• _Work to be completed_
Give again, word for word, the lines below that run from the line with "驻英国使馆发言人就英国涉港错" through the line with "食材:鹌鹑蛋10个、当归7片". Drop the pictures.

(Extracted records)
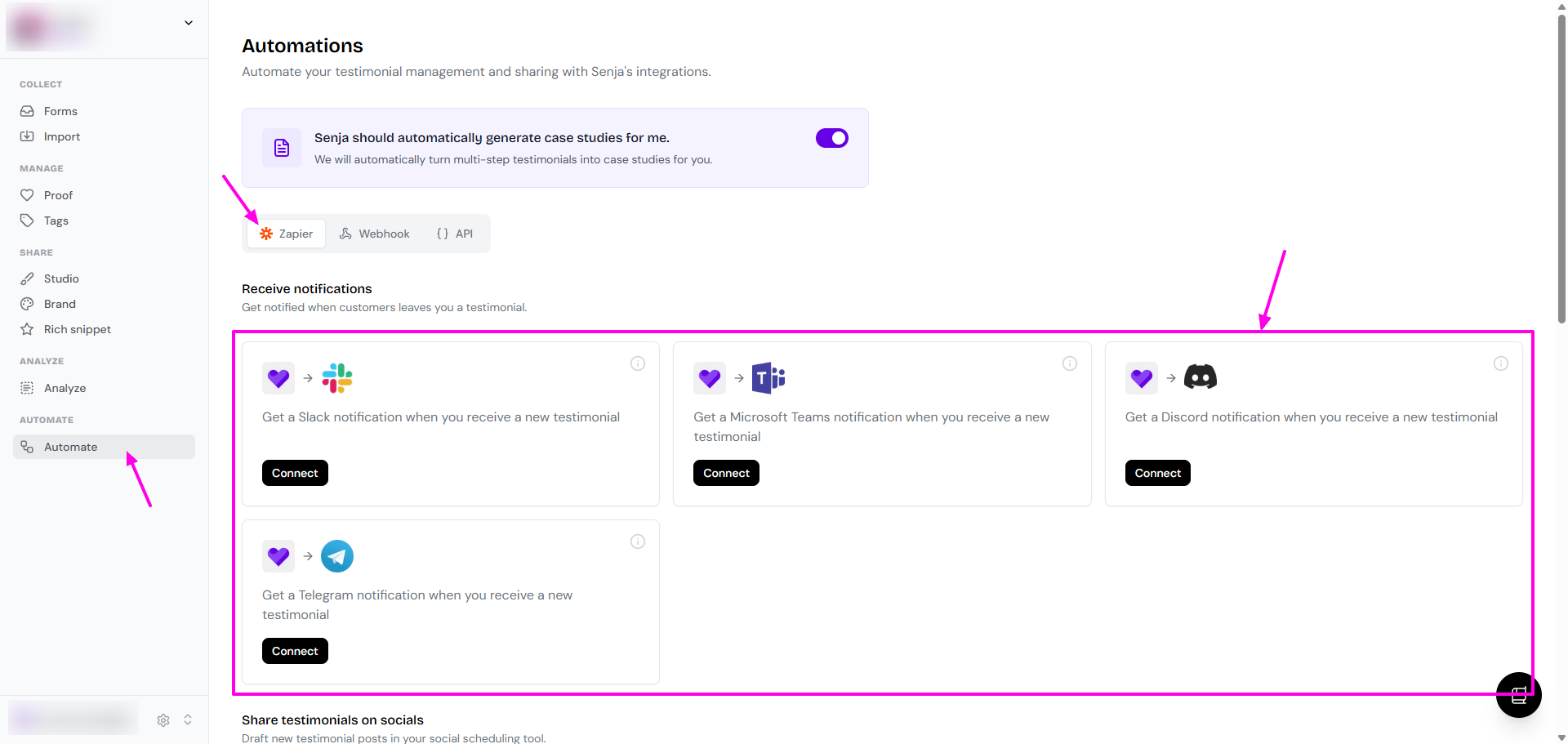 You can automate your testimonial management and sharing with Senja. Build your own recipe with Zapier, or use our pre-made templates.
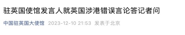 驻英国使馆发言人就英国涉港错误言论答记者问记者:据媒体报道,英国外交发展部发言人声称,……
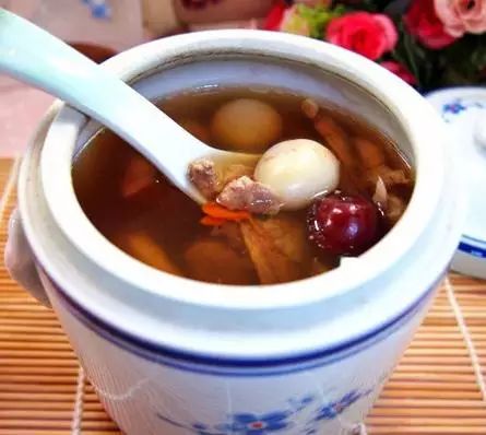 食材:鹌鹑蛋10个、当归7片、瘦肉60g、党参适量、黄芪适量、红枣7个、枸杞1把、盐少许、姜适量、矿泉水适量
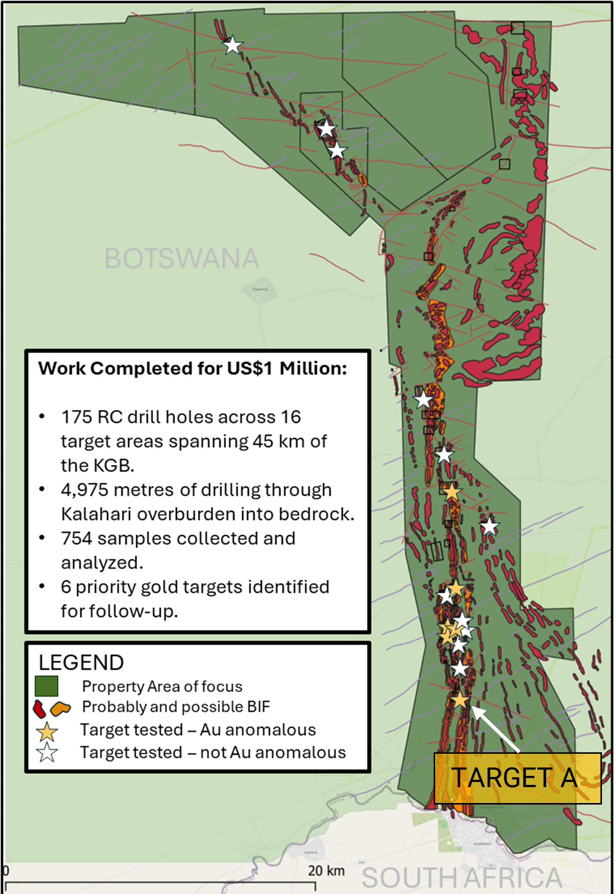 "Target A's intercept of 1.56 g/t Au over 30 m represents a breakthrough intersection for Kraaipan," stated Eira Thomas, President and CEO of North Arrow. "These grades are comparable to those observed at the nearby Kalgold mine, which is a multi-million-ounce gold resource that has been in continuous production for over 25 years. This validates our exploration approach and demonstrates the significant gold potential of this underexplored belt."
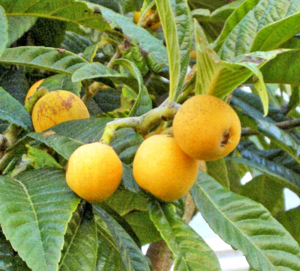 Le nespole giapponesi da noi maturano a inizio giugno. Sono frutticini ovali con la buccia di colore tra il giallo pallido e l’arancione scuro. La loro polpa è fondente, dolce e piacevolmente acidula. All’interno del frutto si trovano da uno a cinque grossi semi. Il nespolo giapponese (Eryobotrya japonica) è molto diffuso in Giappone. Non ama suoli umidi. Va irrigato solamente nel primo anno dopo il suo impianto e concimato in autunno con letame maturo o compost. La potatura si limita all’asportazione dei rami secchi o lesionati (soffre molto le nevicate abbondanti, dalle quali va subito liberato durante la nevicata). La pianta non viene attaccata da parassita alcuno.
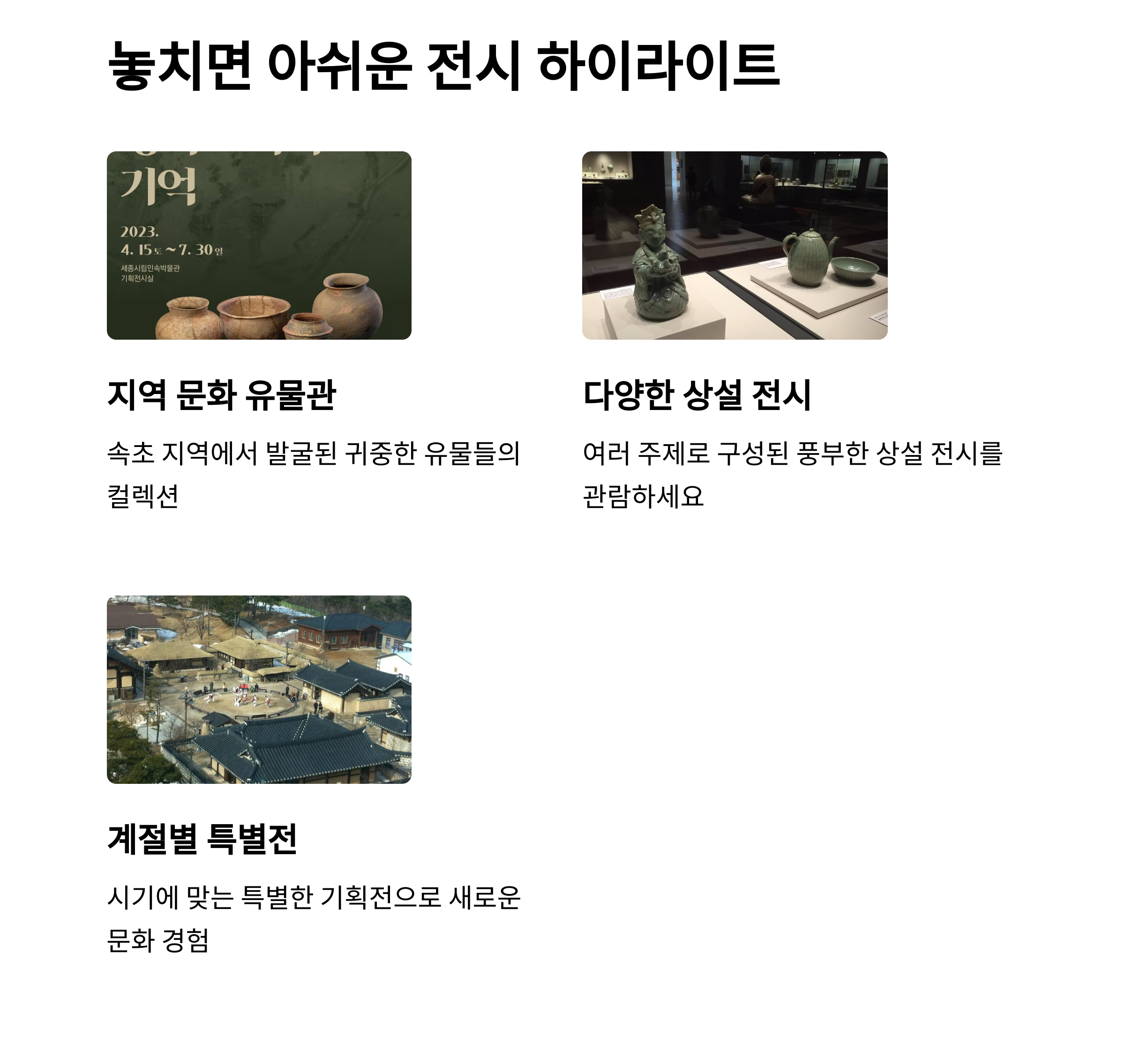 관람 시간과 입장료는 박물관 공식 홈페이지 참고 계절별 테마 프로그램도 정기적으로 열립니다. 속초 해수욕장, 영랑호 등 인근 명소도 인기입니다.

• _Answer_
 驻英国使馆发言人就英国涉港错误言论答记者问记者:据媒体报道,英国外交发展部发言人声称,……
 食材:鹌鹑蛋10个、当归7片、瘦肉60g、党参适量、黄芪适量、红枣7个、枸杞1把、盐少许、姜适量、矿泉水适量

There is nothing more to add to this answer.